M1 fetches the G from the runnable queue and runs it.

main creates a new channel and starts two new G’s.

Next, the G (main) tries to receive data from the channel. Obviously, there is no data available at this moment. So the G preserves its status and switches to _Gwaiting status and finally enqueue itself to the channel it just created.

The G (main) will pick up where it left off which is “_= <- c” when dequeued.
M1 fetches G (printNumber) from the runnable queue and runs it.

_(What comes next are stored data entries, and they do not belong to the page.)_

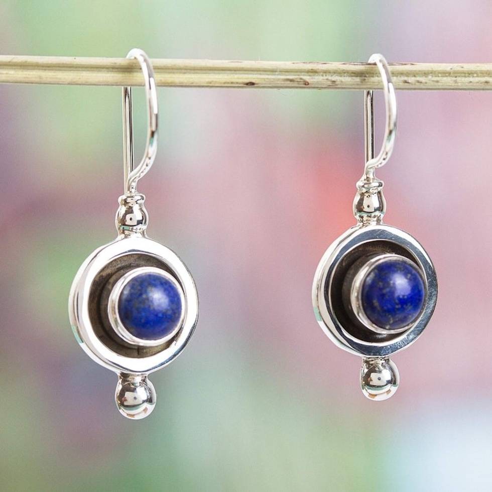 Taxco Sterling Silver and Lapis Lazuli Dangle Earrings 'Blue Lunar Shadow' Item ID: 2671808470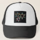 This cap has a design of three Jewish stars in neon colors on a black background.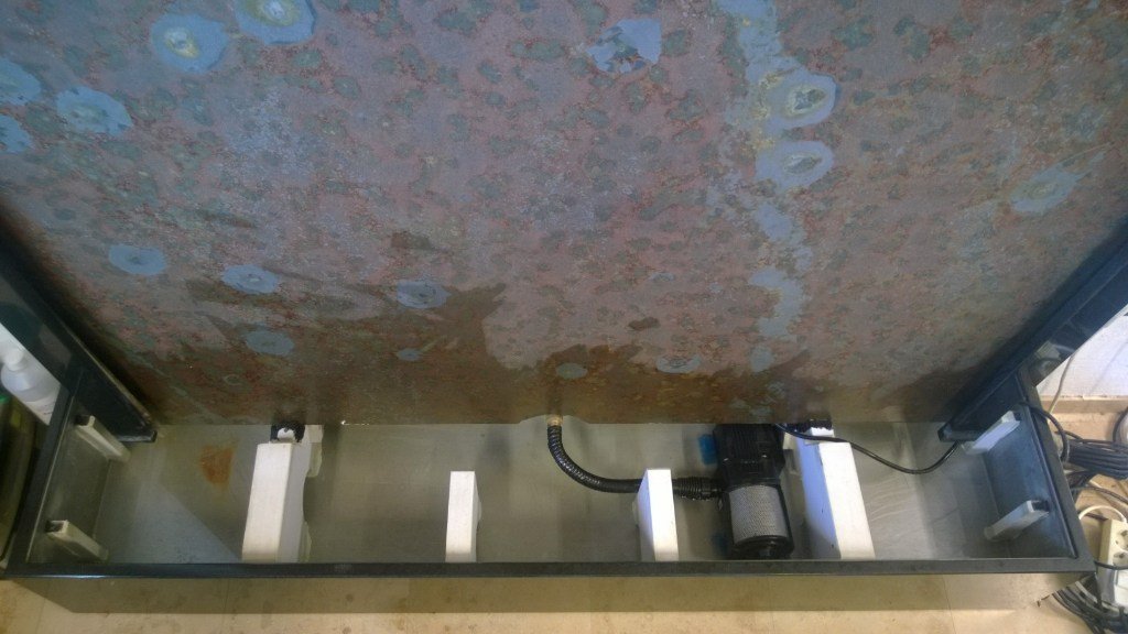 Die Wasserwand steht in der Wanne auf speziell dafür konstruierten Hartschaum Stehern und wird mittels Schrauben an der Wand verankert.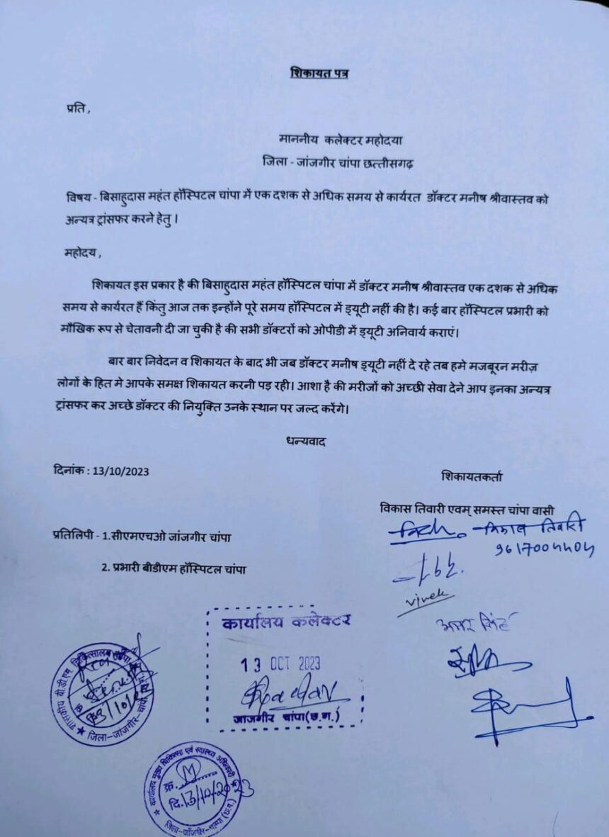 उल्लेखनीय है कि डॉ. मनीष श्रीवास्तव जब बीडीएम अस्पताल चांपा में पदस्थ थे, उस दौरान स्थानीय नागरिकों द्वारा कलेक्टर को लिखित शिकायत दी गई थी। शिकायत में आरोप लगाया गया था कि वे ओपीडी में नियमित रूप से उपस्थित नहीं रहते थे, जिससे मरीजों को इलाज के लिए घंटों इंतजार करना पड़ता था और कई बार उन्हें भटकना भी पड़ता था। नागरिकों का कहना था कि डॉक्टर की लगातार गैर-मौजूदगी से सरकारी स्वास्थ्य सेवाओं की विश्वसनीयता प्रभावित हो रही थी।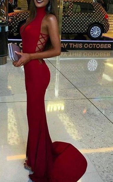 GEBD023 Rote Brautjungfernkleider Mit V-ausschnitt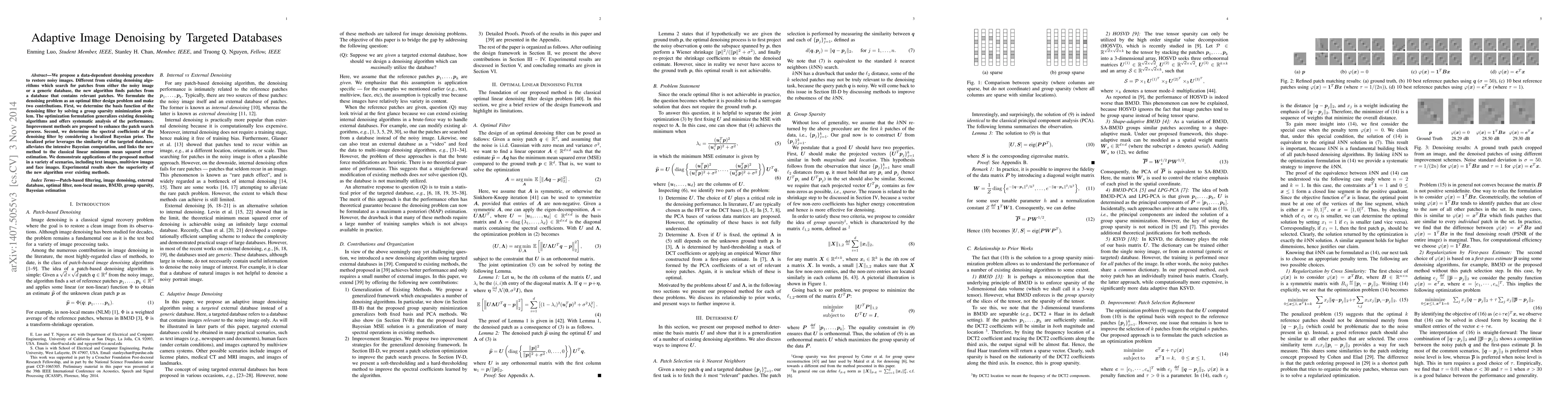 We propose a data-dependent denoising procedure to restore noisy images. Different from existing denoising algorithms which search for patches from either the noisy image or a generic database, the new algorithm finds patches from a database that contains only relevant patches. We formulate the denoising problem as an optimal filter design problem and make two contributions. First, we determine the basis function of the denoising filter by solving a group sparsity minimization problem. The optimization formulation generalizes existing denoising algorithms and offers systematic analysis of the performance. Improvement methods are proposed to enhance the patch search process. Second, we determine the spectral coefficients of the denoising filter by considering a localized Bayesian prior. The localized prior leverages the similarity of the targeted database, alleviates the intensive Bayesian computation, and links the new method to the classical linear minimum mean squared error estimation. We demonstrate applications of the proposed method in a variety of scenarios, including text images, multiview images and face images. Experimental results show the superiority of the new algorithm over existing methods.

G (printNumber) prints numbers as expected and when it sends data to the channel it happens to find that there is a G (main) waiting for data from the channel. G (main) is dequeued from the channel, changed to _Grunnable status, and put back to the (local) runnable queue.

Next, M1 runs the second G (printNumber). Since the channel is buffered channel with size 3, data can be sent to the buffer without blocking.

Then, the second G (printNumber) is done, with only G (main) in the queue.

Finally, M1 retrieves and runs G (main) and picks up execution.

The first “_ = <- c” runs successfully.
Because there is buffered data “0” in the channel, the second one runs smoothly without blocking.

G (main) finally comes to an end and program exits.

Some people might wonder what happens when one more “_ = <- c” is present. Well, due to the fact that at the time the third one runs all the G’s are in waiting status, Golang runtime will detect this error and print the following deadlock error message.

fatal error: all goroutines are asleep - deadlock!